Monday, July 27, 2009

Where Are The Scares?

It’s time I take a look at a movie filled with horror movie clichés and cheap scare tactics in this years haunted house movie – The Haunting in Connecticut.
If you couldn’t guess by now, I really did not enjoy this movie. The film was filled with things that we’ve seen before, and we’ve seen them done better. The movie felt like it was three hours long, it just kept dragging on and on with nothing remotely interesting happening.
The film is set in 1987 and it centers itself on Matt Campbell, a teenage boy who is being treated for cancer with a new trial therapy. After seeing how sick her son becomes during their long commutes home, his mother rents a nearby house, which we learn that it was once a funeral home.
When they are cleaning the house, Matt decides to set up his room in the basement and in doing this they discover a mortuary room. After this the family starts to become victims to some common supernatural events (doors slamming and lights flickering).
Matt begins to experience several disturbing visions from the eyes of the houses past resident, Jonah, which include some séances, a doctor carving words on corpses and also the doctor cutting off the eyelids of the dead (messed up).
That’s all the plot I’ll give you, if you want to know what happens rent or buy the movie.
This movie suffers from several problems. First, the ‘haunting” seems like a sub plot that takes the back seat to the story of Matt’s cancer and his treatment. Second, there was no originality in the film it was the same old, same old and the scares were so far apart and too few in-between that you forgot you were watching a horror movie. I know a few people enjoyed the flashbacks that revealed the houses eerie past, but it really didn’t do much for me.

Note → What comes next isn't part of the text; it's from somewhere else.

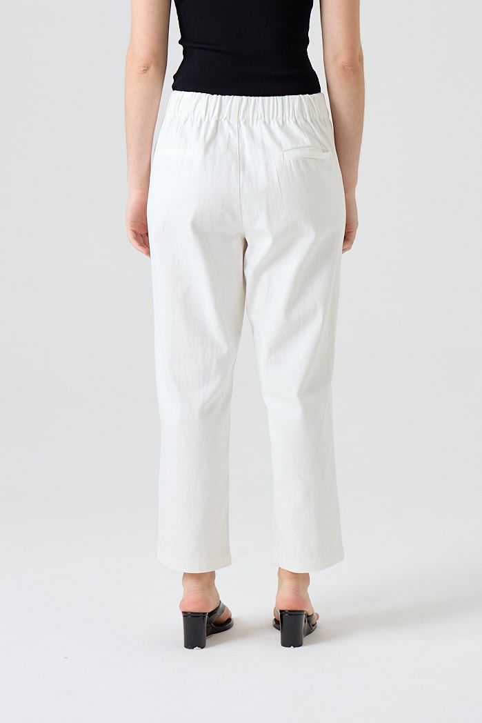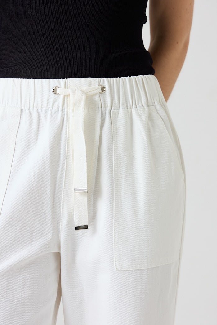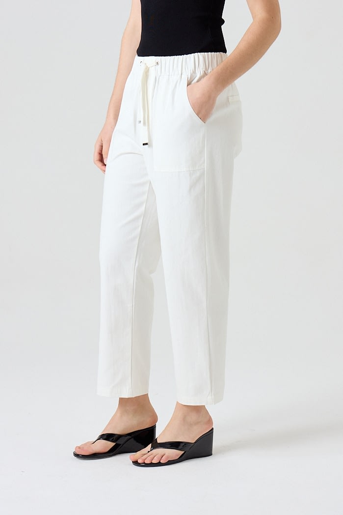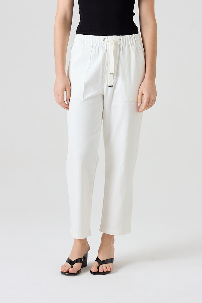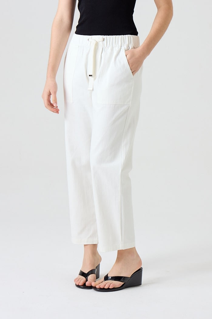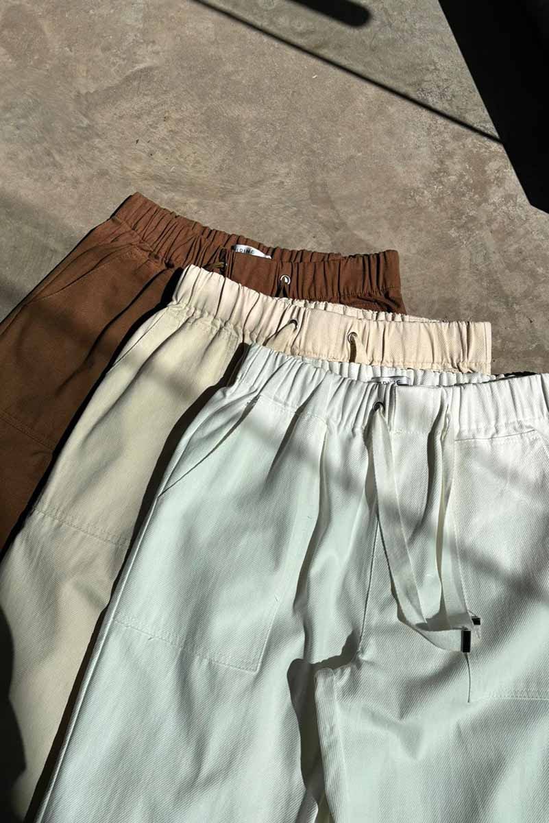 Pantalón recto de algodón con cintura elástica y cordón ajustable. Cuenta con bolsillos frontales amplios y falsos bolsillos en la parte trasera. 100% Algodón

The story and the scares might have been bad, but the acting was great. Virginia Madsen, played the mother very well and even when the movie fell into clichés, she kept a straight face and kept herself grounded. Kyle Gallner, the kid who played Matt really did a good job; he was believable even in the movie’s more silly and unusual moments. The last person I’m going to mention is Elias Koteas (Casey Jones from the Teenage Mutant Ninja Turtles movie) he played the reverend and had some of the best lines in the movie.

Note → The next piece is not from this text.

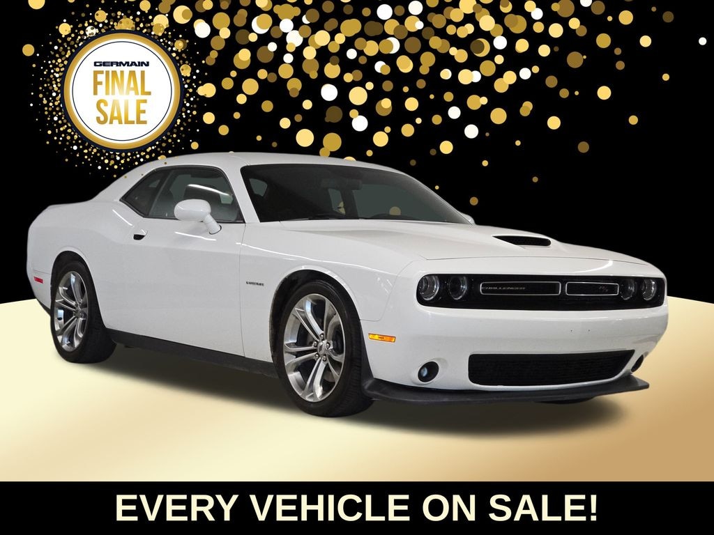 2021 White Knuckle Clearcoat Dodge Challenger R/T HEMI 5.7L V8 Multi Displacement VVT RWD 230MM Rear Axle, 3.90 Rear Axle Ratio, 4-Wheel Disc Brakes, 6 Speakers, ABS brakes, Air Conditioning, Alloy wheels, AM/FM radio, Anti-whiplash front head restraints, Apple CarPlay, Apple CarPlay/Android Auto, Auto-dimming Rear-View mirror, Automatic temperature control, Brake assist, Bumpers: body-color, Compass, Delay-off headlights, Driver door bin, Driver vanity mirror, Dual front impact airbags, Dual front side impact airbags, Electronic Stability Control, Four wheel independent suspension, Front anti-roll bar, Front Bucket Seats, Front Center Armrest, Front dual zone A/C, Front fog lights, Front License Plate Bracket, Front reading lights, Fully automatic headlights, Garage door transmitter, Google Android Auto, GPS Antenna Input, Heated door mirrors, Houndstooth Cloth Performance Seats, Illuminated entry, Integrated Center Stack Radio, Integrated Voice Command w/Bluetooth, Leather Shift Knob, Low tire pressure warning, Media Hub (2 USB, AUX), Outside temperature display, Overhead airbag, Overhead console, Panic alarm, ParkView Rear Back-Up Camera, Passenger door bin, Passenger vanity mirror, Power door mirrors, Power driver seat, Power steering, Power windows, Quick Order Package 28H, Radio data system, Radio: Uconnect 4 w/7" Display, Rear anti-roll bar, Rear reading lights, Rear seat center armrest, Rear window defroster, Remote keyless entry, Security system, Speed control, Speed-sensing steering, Split folding rear seat, Spoiler, Sport steering wheel, Steering wheel mounted audio controls, Tachometer, Telescoping steering wheel, Tilt steering wheel, Traction control, Trip computer, USB Host Flip, Variably intermittent wipers, Wheels: 20" x 8" Satin Carbon Aluminum.

In the end the movie doesn’t offer us anything new and it fails on certain levels. The film seemed very unbalanced in areas and the pacing was not done well at all. I saw things in the movie that could have been interesting if they were flushed out, but the script seemed a little rushed and I don’t feel that we really got a solid haunted house movie experience. The 2005 remake of the Amityville Horror was better then this film and that’s saying something.
I did purchase the movie, because my name does appear in the credits of the fear is real documentary on the two discs set version. The Fear is Real is a documentary that covers the haunting and it’s much better then the movie itself.